Shared vs private: the MONO_ prefix

vite.config.ts sets envPrefix: ['VITE_', 'MONO_'], so only those prefixes reach client code. Use them deliberately:

• MONO_… — the only shared vars. Anything one app must read from another (or the Host shares with Remotes). Read with import.meta.env.MONO_*. Keep keys unique per app (MONO_HOST_API_URL, MONO_VUE_API_URL) so they don't override each other when apps are layered.
• VITE_… — app-private client config (standard Vite).
• no prefix — build/tooling-only secrets. Stay in process.env for the command, never shipped to the browser.

Don't commit real secrets

.env / .env.dev hold real values and must not be committed. Commit a .env.example with empty keys instead (the templates already ship one). See Environment for the full load order and flags.

8. Unique exports & store keys — suffix with the app name

When: always — every store / composable you create. Do: suffix the export name and the defineStore key with the app name. Don't: ship a generic name like useAuth or a key like 'auth'.

Stores and composables are auto-imported (Rule 1), which means a Host and every Remote share one global namespace. Two apps that export the same name — or two Pinia stores that use the same defineStore key — collide silently: only one survives, and you end up calling the wrong code or reading the wrong state with no error to warn you. So make every auto-imported export name and every store key unique by suffixing it with the app name.

Pinia stores — unique variable and unique key

A store in src/stores has two identifiers, and both must be unique:

// ❌ generic — collides with the Host or another Remote
export const useAuthStore = defineStore('use-my-fetch-auth', () => {
  const data = ref()
  return { data }
})

// ✅ both the export and the key carry the app name
export const useAuthStoreMonoVue = defineStore('use-my-fetch-auth-mono-vue', () => {
  const data = ref()
  return { data }
})

• The export variable (useAuthStore…) is auto-imported globally.
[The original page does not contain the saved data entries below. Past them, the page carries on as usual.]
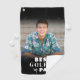 This custom golf towel features your own photo printed in the center with a smooth black gradient at both the top and bottom. The lower gradient includes white text that reads “Best Golfer By Par,” which you can personalize to say anything—like “Best Dad,” “Best Son,” “Best Grandpa,” or any short message that fits.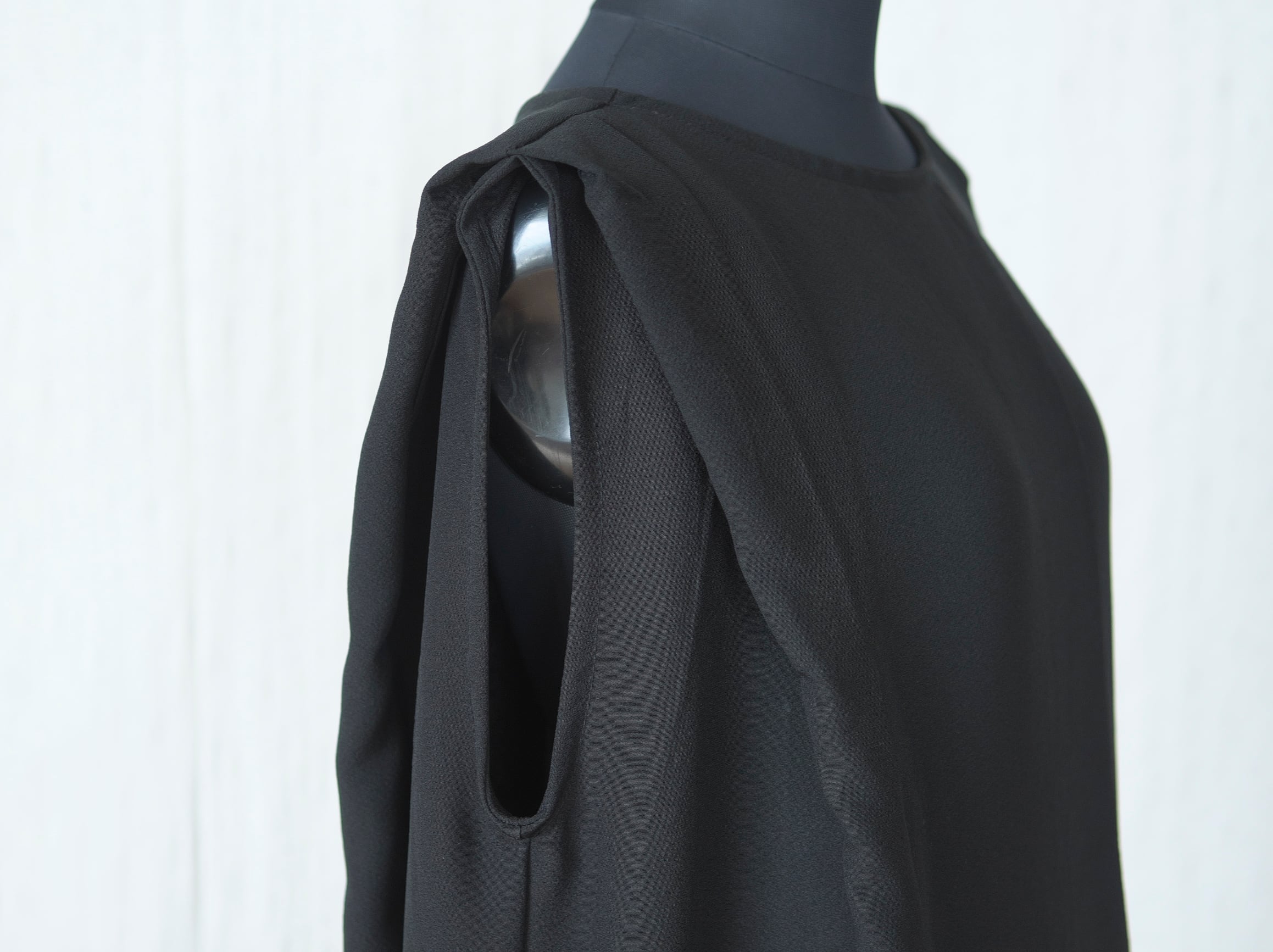 正面から見るとシンプルなAラインに見えますが、肩にタックをたっぷり取っているため、横から見た時のふわっと膨らむシルエットがとても可愛いです。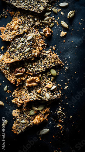 Rustic seed and nut crackers on dark background for culinary presentation. Moody style. Food vertical advertising banner. Healthy snack concept. Top view photo
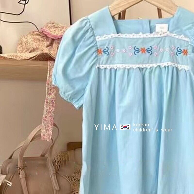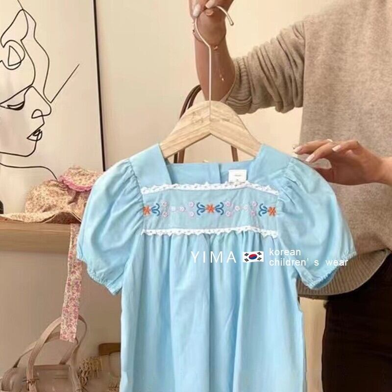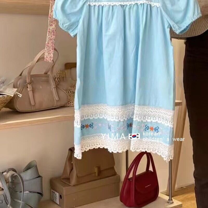 色:スカイブルーの刺しスカート,白刺繍スカート
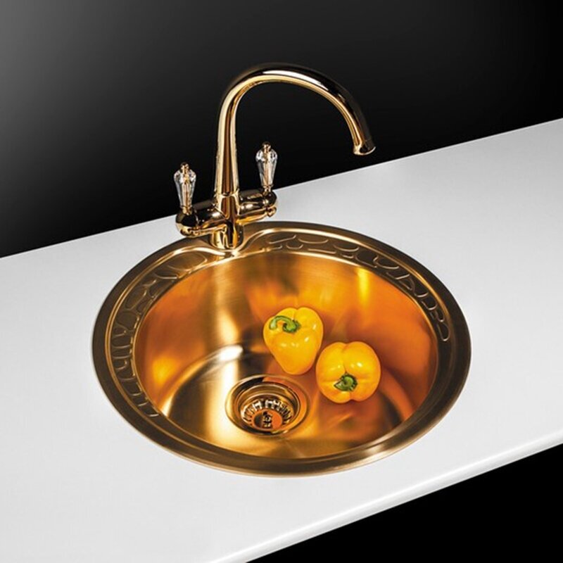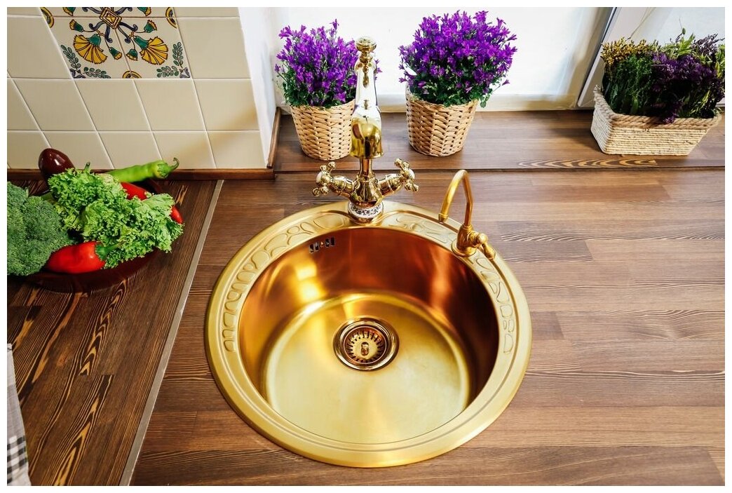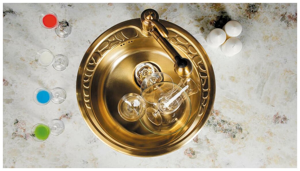 PVD покрытие, корзинчатый вентиль, отверстие под смеситель, сливная арматура, Крепления, Мойка 1 шт, гарантийный талон., донный клапан (автоматический донный клапан приобретается отдельно), перелив, слив

If a Remote and the Host both export useAuthStore, auto-import resolves to one of them — you may call a completely different store than you meant to.
• The defineStore key ('use-my-fetch-auth…') is how Pinia stores global reactive state. Two stores sharing a key share the same state slot: if both declare const data = ref(), the data you read is whichever store registered first — the other is silently overridden. This is the dangerous one, because the app still runs.

Use the pattern: variable useAuthStoreAppName, key 'your-key-name-app-name'.
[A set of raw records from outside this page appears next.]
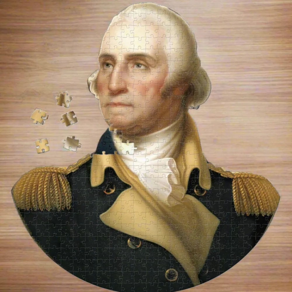 Beautiful keepsake puzzle of the Porthole Portrait of GW by Rembrandt Peale, circa 1823. This is one of 79 portraits that Peale painted throughout his life, some depicting Washington in military uniform as shown, others in civilian dress. The portrait is based on Peale’s study of Washington done from life in 1795, when the artist was 17 and the retired General and President was 63 years old.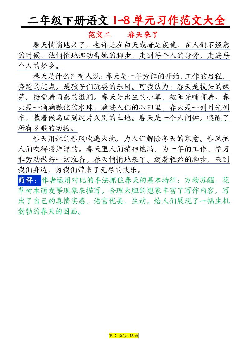 【1-8单元习作范文大全】二下语文langhun2025-07-04更新关注私信3670【1-8单元习作范文大全】二下语文此内容为付费资源,请付费后查看20积分自用会员免费副业代理免费登录购买大小448.11 KB页数13类型pdf付费资源 ——预览已结束,还剩11页未读——开通会员后可免费下载高清完整文档 THE END语文 喜欢就支持一下吧点赞0 分享QQ空间微博QQ好友海报分享复制链接收藏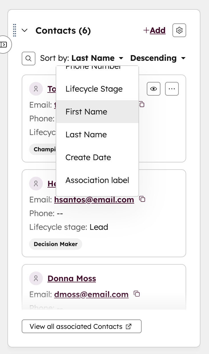 Associatiekaarten ondersteunen nu sorteren, zoeken, meer weergave-eigenschappen en inline scrollen op geassocieerde objecten voor gemakkelijkere navigatie. Deze verbeteringen verhogen de productiviteit door het makkelijker te maken om geassocieerde records te vinden, te organiseren op labels en belangrijke details in één oogopslag te zien.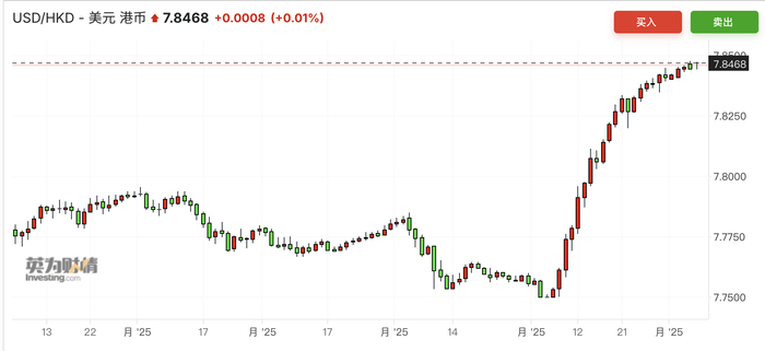 具体而言,当前3个月HIBOR下跌,提升了美元/港元现汇与远期交易的套息收益,做多美元/港元远期合约的年化套息收益创新高,短期外汇远期(如1个月)提供的套息回报远高于12个月远期(年化收益超4%)。由于正套息空间大、汇率风险有限(最多1.2%的下行空间,假设联系汇率区间不变),吸引投资者做多美元/港元现汇。如果汇价触及弱方7.85,香港金管局可能收紧港元流动性,推高HIBOR。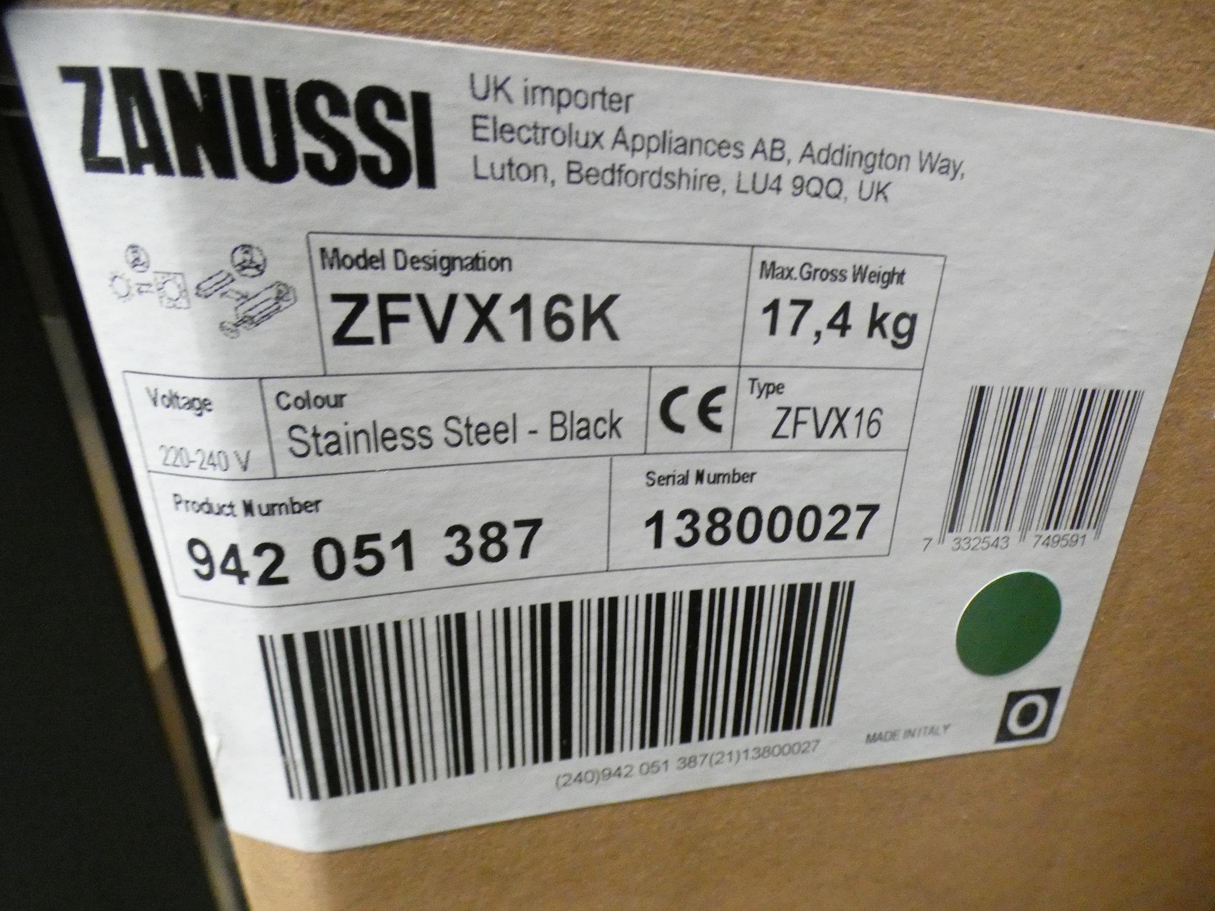 Zanussi Black Screen Hood (H915xW598xD176) - model:- ZFVX16K, RRP £232.50 inc. VAT * This lot is subject to VAT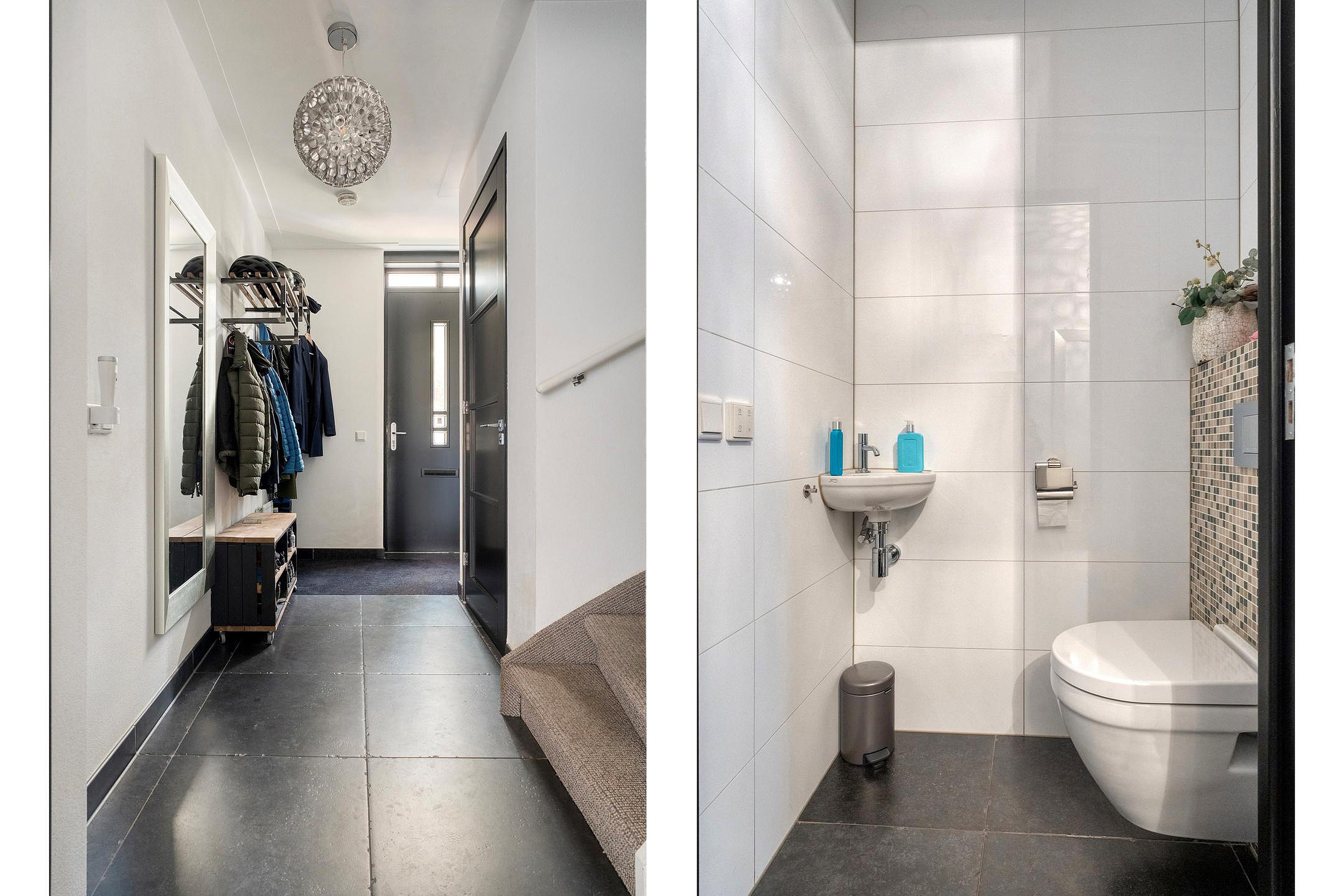 Begane grond Bij binnenkomst via de voordeur komt u in de entree met voldoende ruimte voor een kapstok of garderobe. Vanuit de entree heeft u toegang tot de meterkast (MK), het toilet met fonteintje, en de trapopgang naar de verdieping. Daarnaast is er onder de trap een praktische trapkast aanwezig, ideaal als berging.

Composables & utils — unique export name too

The same applies to anything auto-imported from src/composables (Rule 10) — the top-level export must be unique, so suffix it with the app name:

export const useHostHelper = () => { /* … */ }   // Host
export const useUtilsHost  = () => { /* … */ }   // Host
// in a Remote, the mirror: useHelperMonoVue, useUtilsMonoVue, …
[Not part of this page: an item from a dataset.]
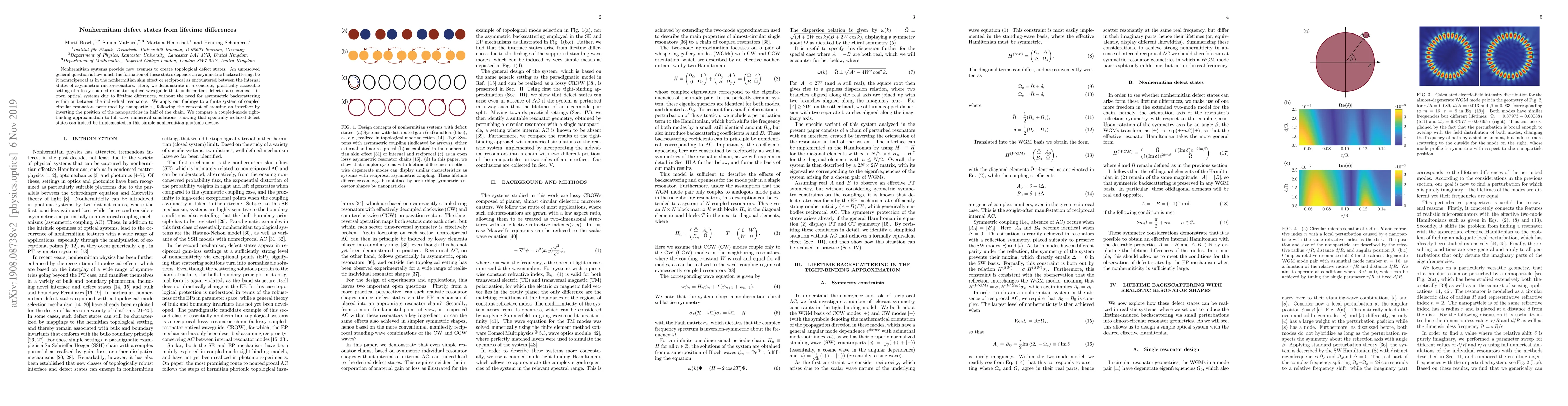 This paper demonstrates that nonhermitian defect states can emerge in optical waveguides due to differences in resonator lifetimes, without requiring asymmetric backscattering. The study applies this concept to a photonic device with coupled resonators perturbed by nanoparticles, showing spectrally isolated defect states through both theoretical and numerical simulations.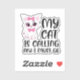 Answer the call of feline love with this 'My Cat Is Calling and I Must Go' sticker! Featuring an elegant white cat adorned with a soft pink ribbon, this charming artwork is perfect for cat enthusiasts who know the undeniable pull of their beloved pets. A delightful gift for cat lovers, this design adds a touch of sophistication and humor to your day.

Rule of thumb: if it's auto-imported, its name (and a store's key) must be globally unique — append the app name. Generic names like useAuth, useUtils, or a key like 'auth' are landmines across a Host + its Remotes.

9. Static data lives in src/datas

When: you have static / constant data (config, option lists, column defs, sample rows). Do: put it in src/datas/, grouped, with one export default per group. Don't: inline it in a page / component / store, or scatter named exports.

Any static / constant data — config objects, option lists, lookup maps, column definitions, labels, sample rows — goes in src/datas/. Never inline it in a page, component, or store. Static data tends to be large and turns into a mess when it's scattered or passed around as props, and it's almost always shared across more than one component — keeping it in one place keeps it reusable and out of the way.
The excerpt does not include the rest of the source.